Restate all of the records below exactly. Do not carry over any image.

EXERCISE DATA »

BEGIN

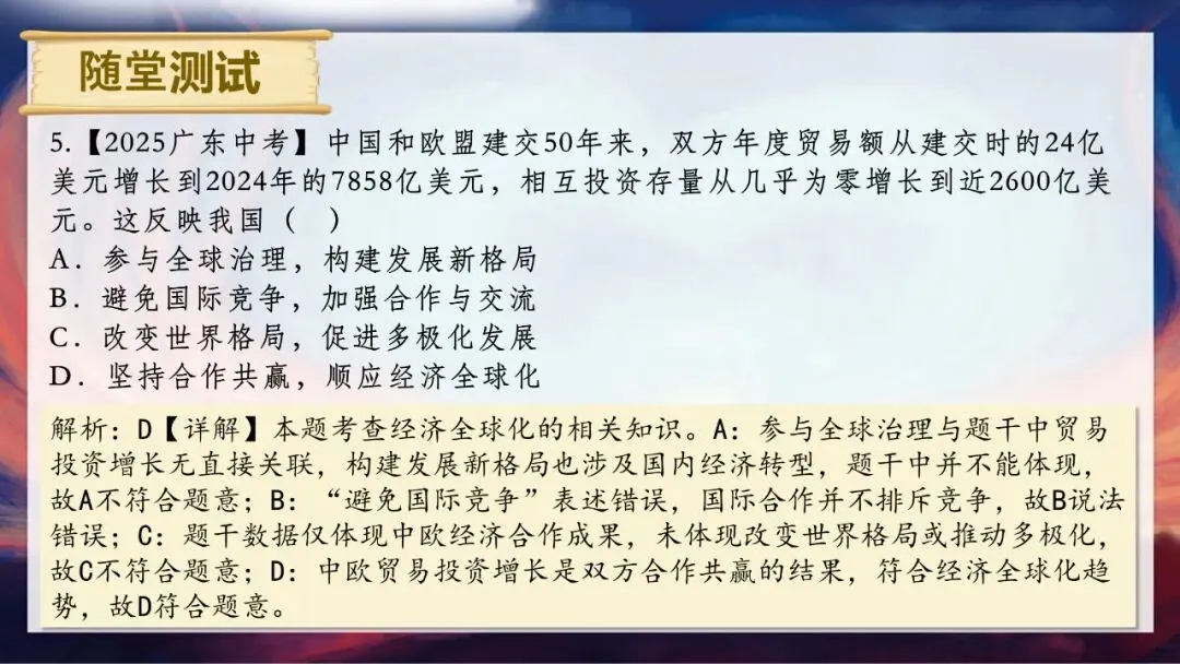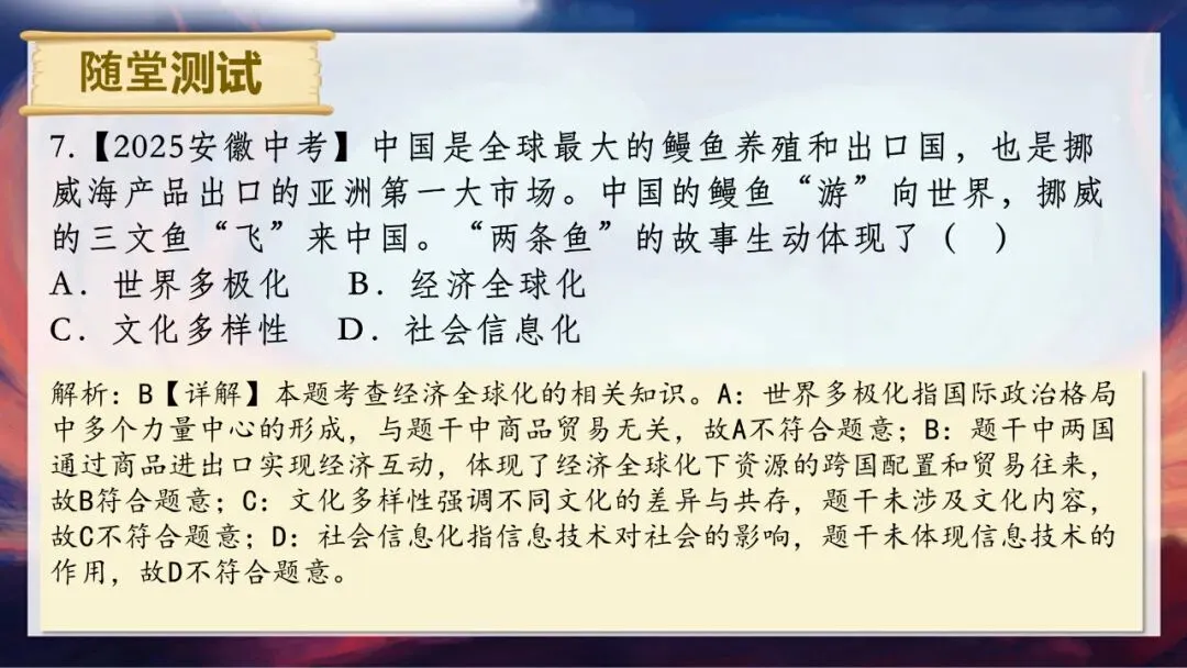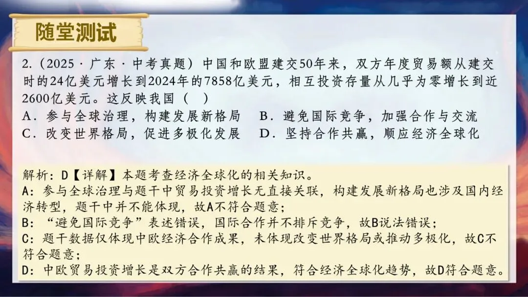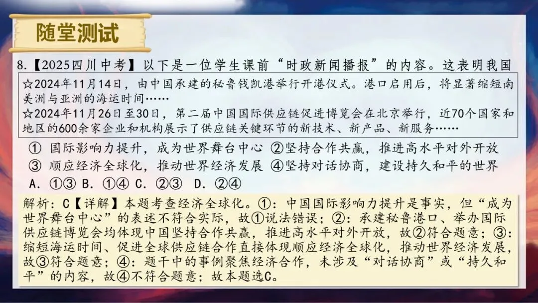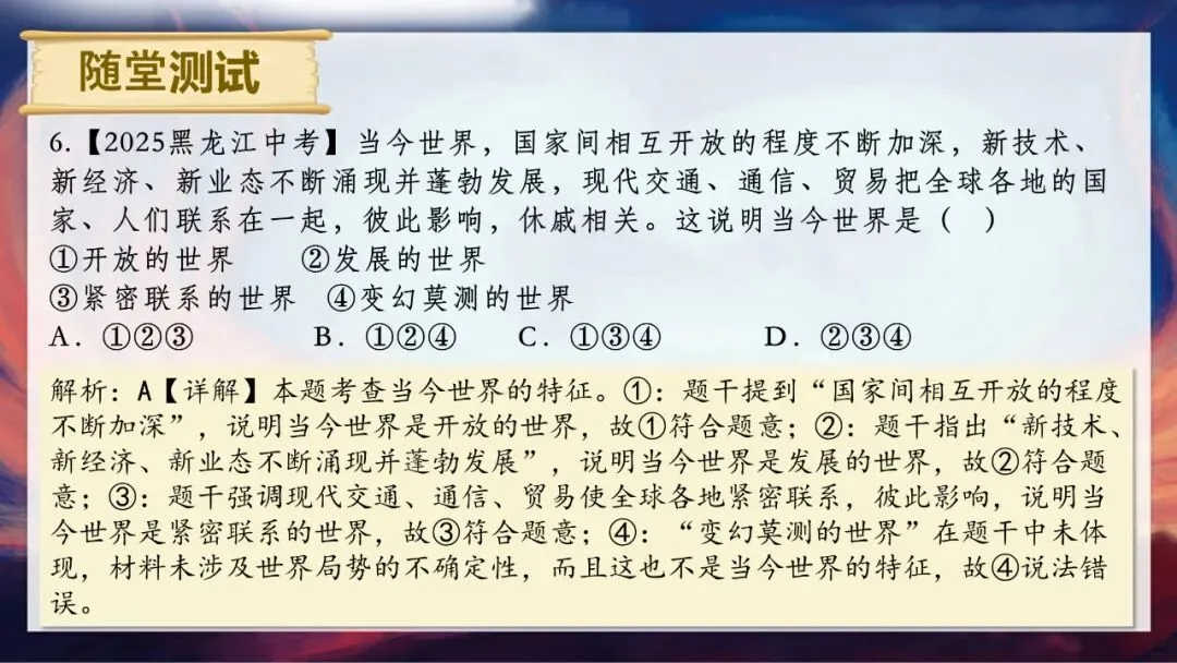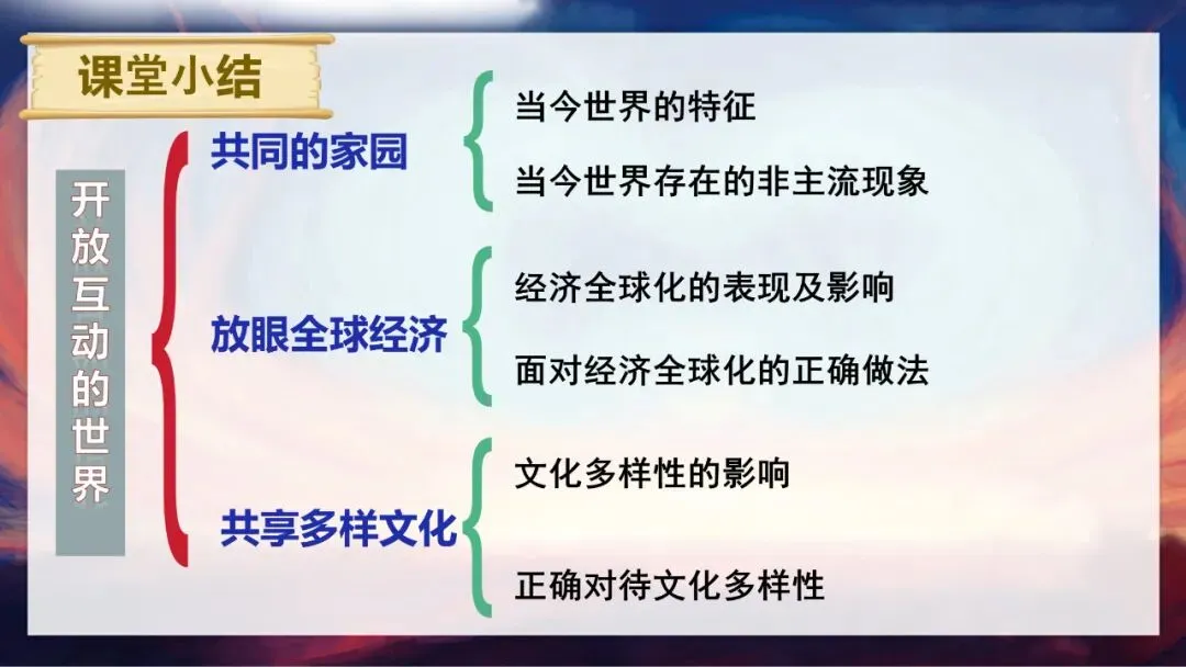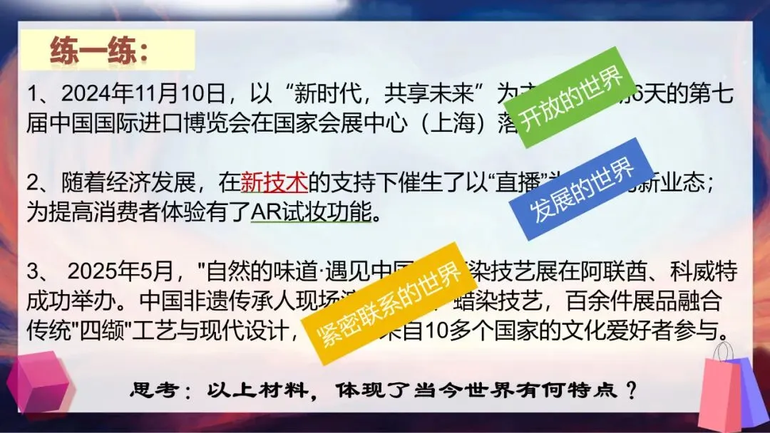 请大家思考两个问题:当今世界到底是一个怎样的世界?为什么说“霸凌没有赢家,合作方能共赢”?答案很明确,我们生活的世界是开放互动的。单边霸凌和贸易壁垒看似能保护本土产业,实则会推高进口成本,损害消费者利益,还会扭曲市场信号,让资源流向低效率产业,长期来看会削弱国家整体竞争力。而经济全球化是不可逆转的历史潮流,只有平等互利的合作,才能让各方利益最大化。今天,就让我们一起走进这个开放互动的世界。
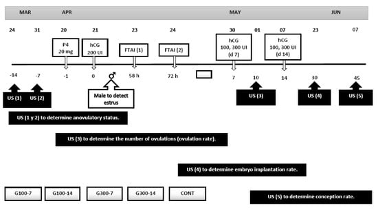 Schematic representation of the experimental protocol. The application of hCG (100 and 300 UI) was on day 7 and 14 post-FTAI. Ultrasound (US) was performed to determine anovulatory status, the number of ovulations (ovulation rate), the embryo implantation rate, and conception rate.
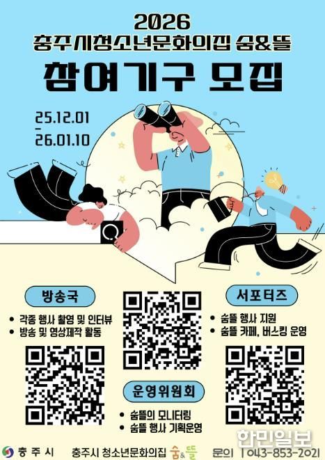 한민일보 서울포커스 김다남 기자 | 충주시청소년문화의집 숨&뜰은 2026년을 함께할 청소년 참여기구 신규부원을 모집한다고 4일 밝혔다.
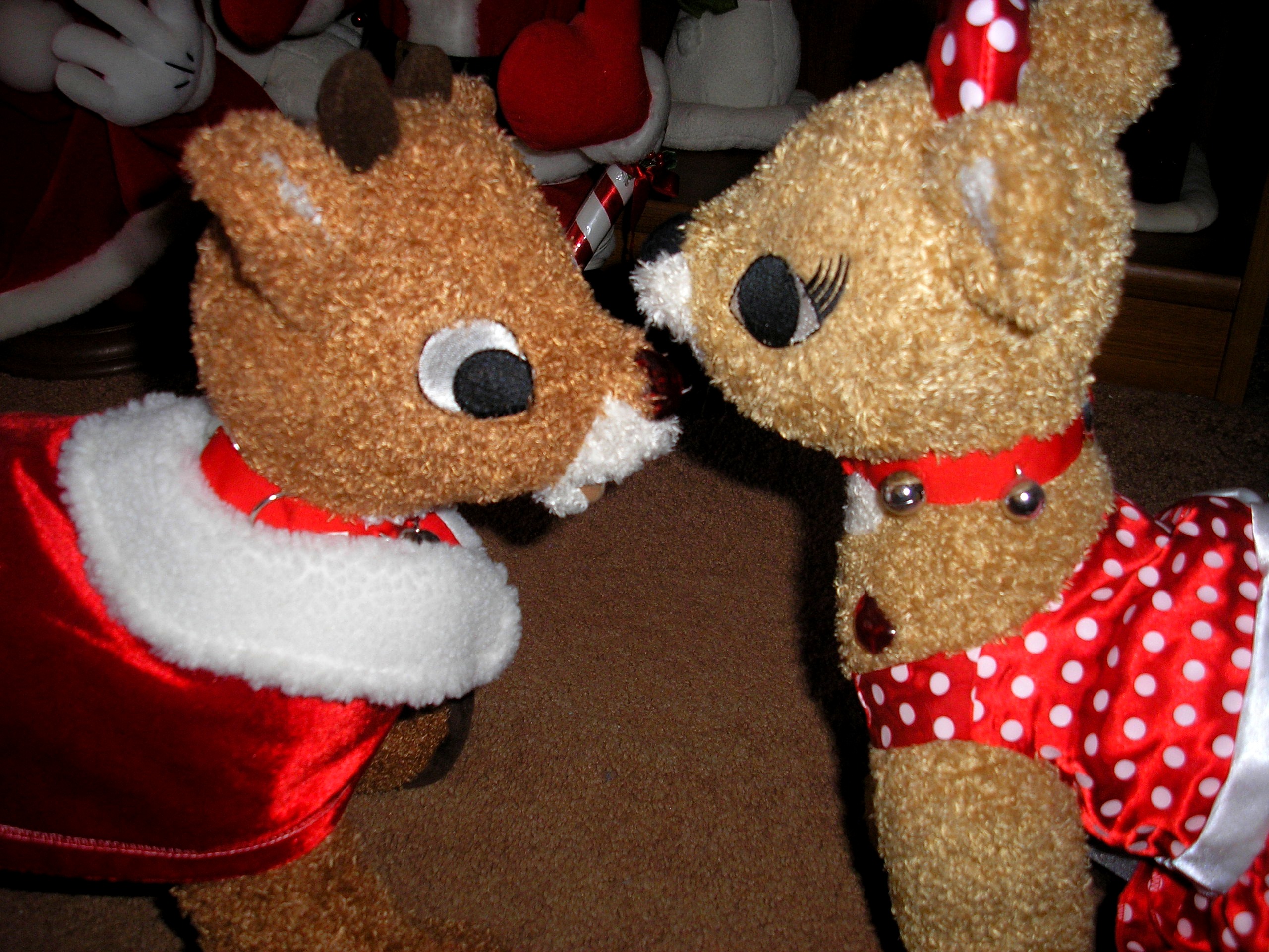 We dressed Rudolph in a cape and gave him a collar with jingle bells on it. Clarice is wearing a darling red dress with white polka dots and the same jingle bell collar that Rudolph has. Clarice comes with the cute bow on her head.
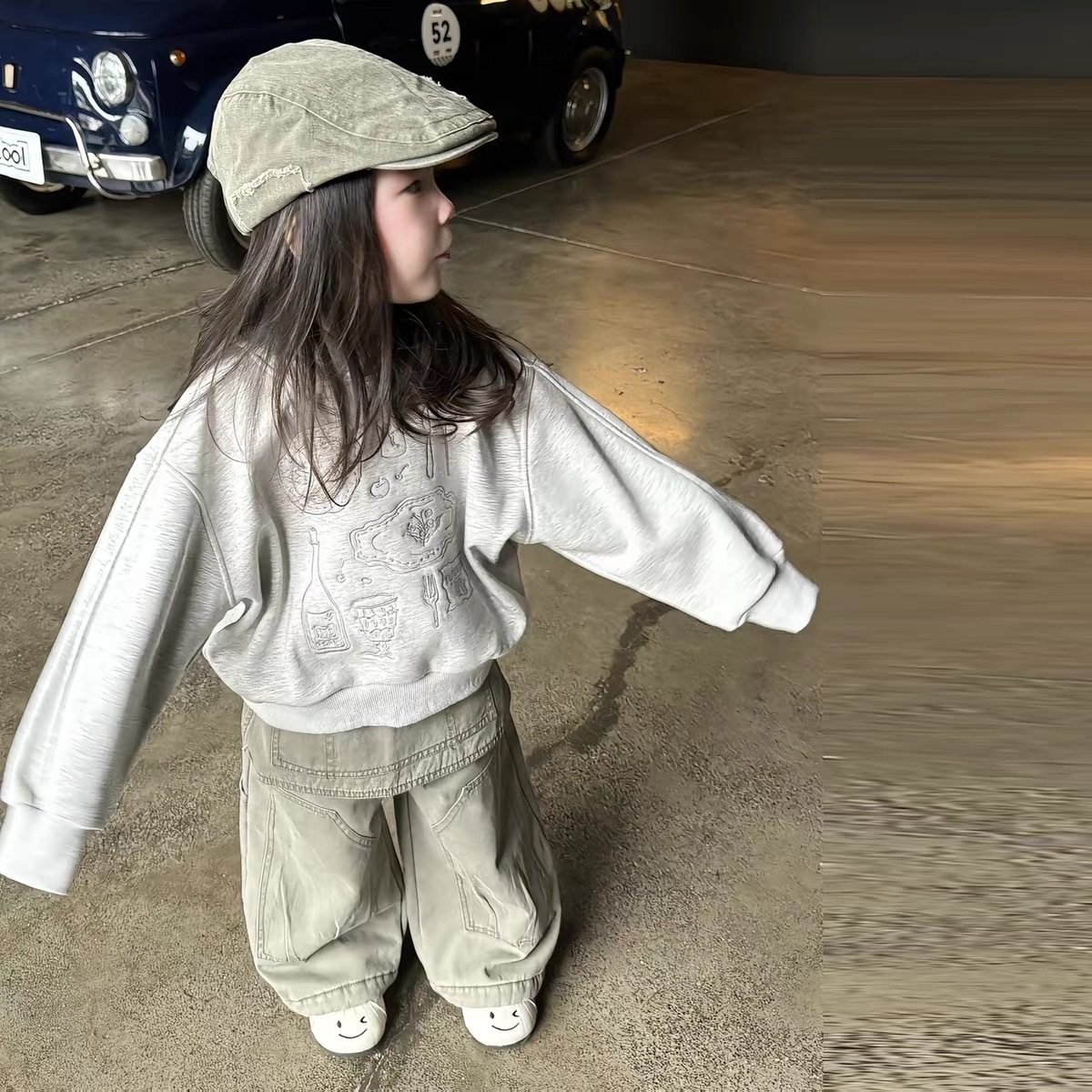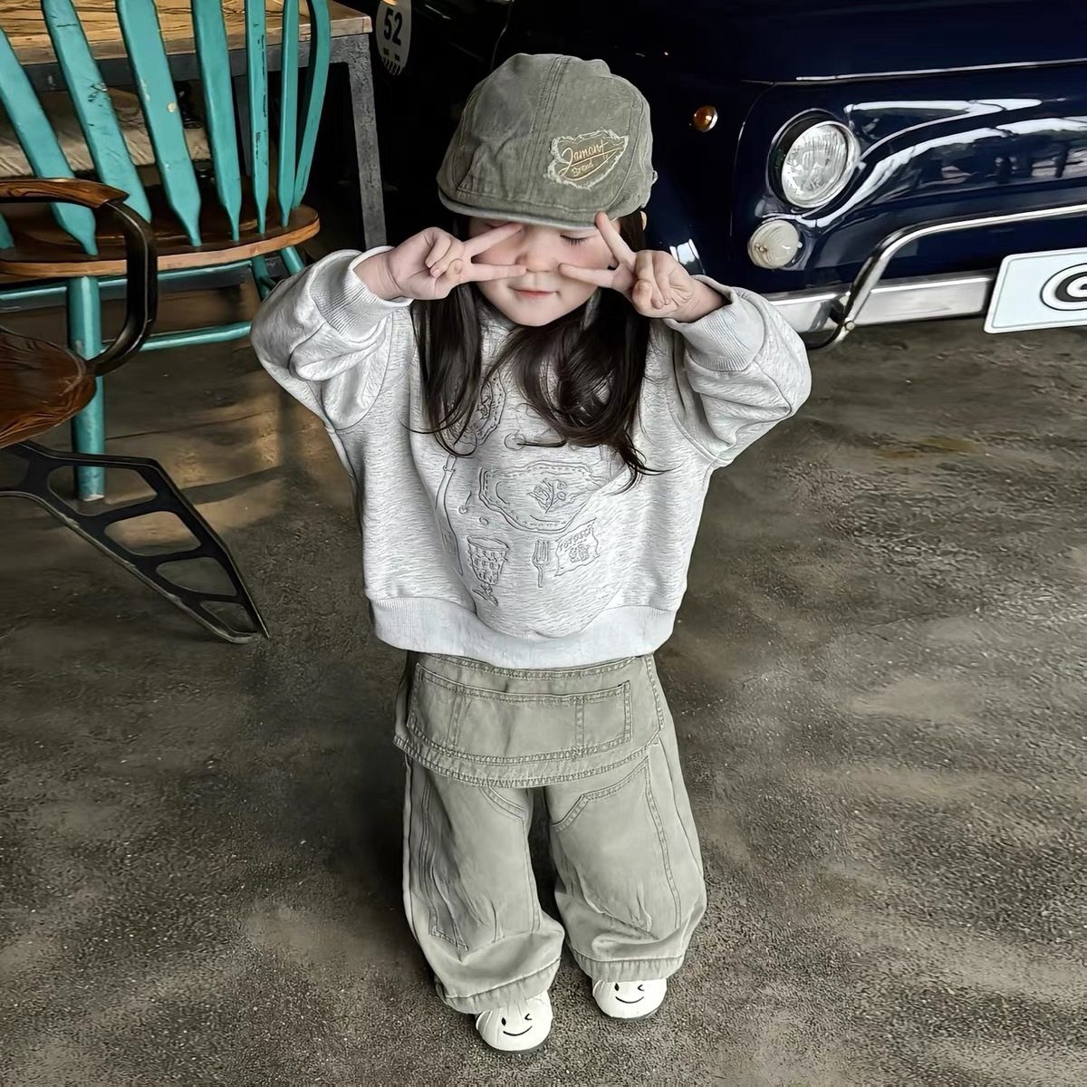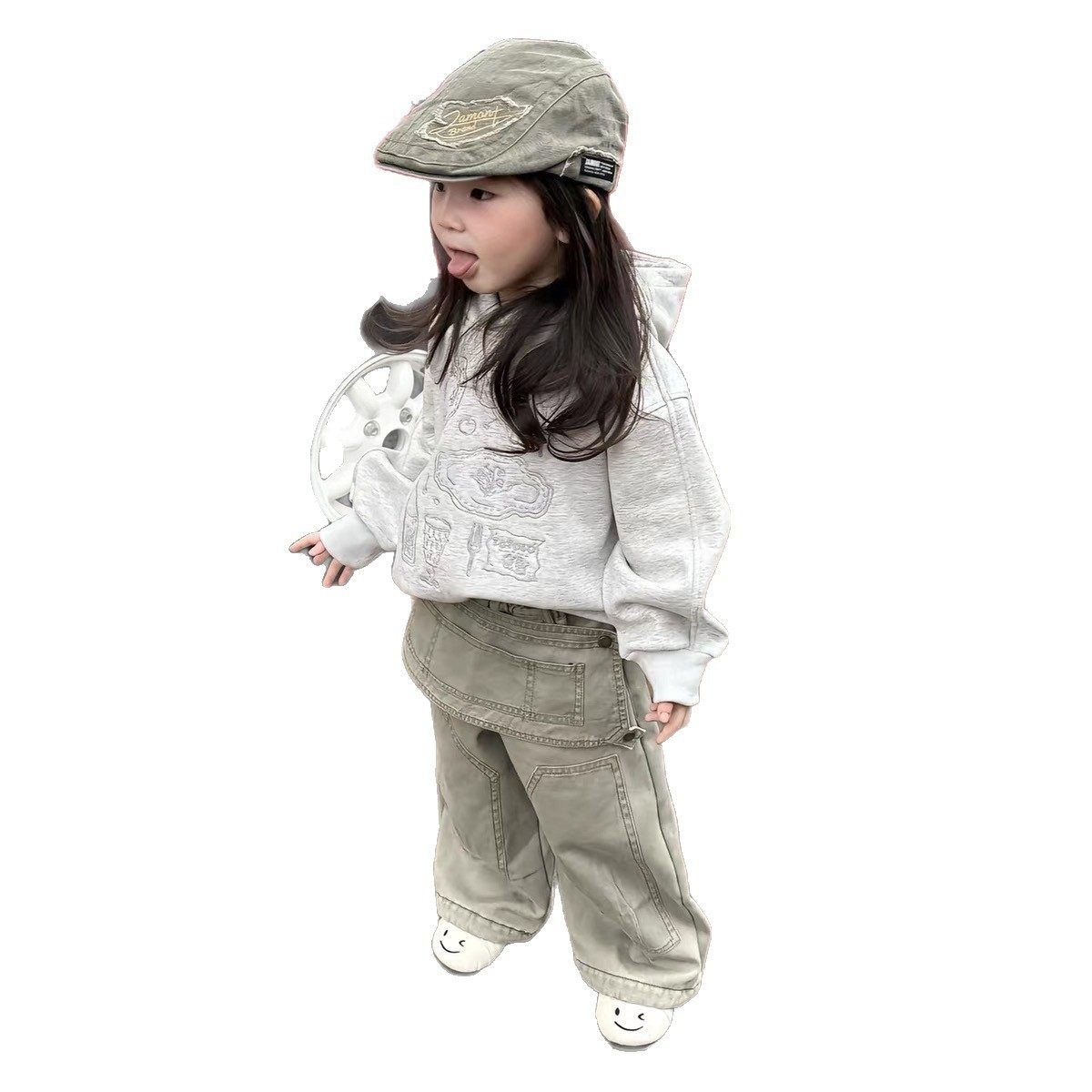童装 印花连帽卫衣屁帘牛仔裤 2026女童冬季 加绒加厚套装 潮 新款 韩版

END

FINISHED TASK »
 请大家思考两个问题:当今世界到底是一个怎样的世界?为什么说“霸凌没有赢家,合作方能共赢”?答案很明确,我们生活的世界是开放互动的。单边霸凌和贸易壁垒看似能保护本土产业,实则会推高进口成本,损害消费者利益,还会扭曲市场信号,让资源流向低效率产业,长期来看会削弱国家整体竞争力。而经济全球化是不可逆转的历史潮流,只有平等互利的合作,才能让各方利益最大化。今天,就让我们一起走进这个开放互动的世界。
 Schematic representation of the experimental protocol. The application of hCG (100 and 300 UI) was on day 7 and 14 post-FTAI. Ultrasound (US) was performed to determine anovulatory status, the number of ovulations (ovulation rate), the embryo implantation rate, and conception rate.
 한민일보 서울포커스 김다남 기자 | 충주시청소년문화의집 숨&뜰은 2026년을 함께할 청소년 참여기구 신규부원을 모집한다고 4일 밝혔다.
 We dressed Rudolph in a cape and gave him a collar with jingle bells on it. Clarice is wearing a darling red dress with white polka dots and the same jingle bell collar that Rudolph has. Clarice comes with the cute bow on her head.
童装 印花连帽卫衣屁帘牛仔裤 2026女童冬季 加绒加厚套装 潮 新款 韩版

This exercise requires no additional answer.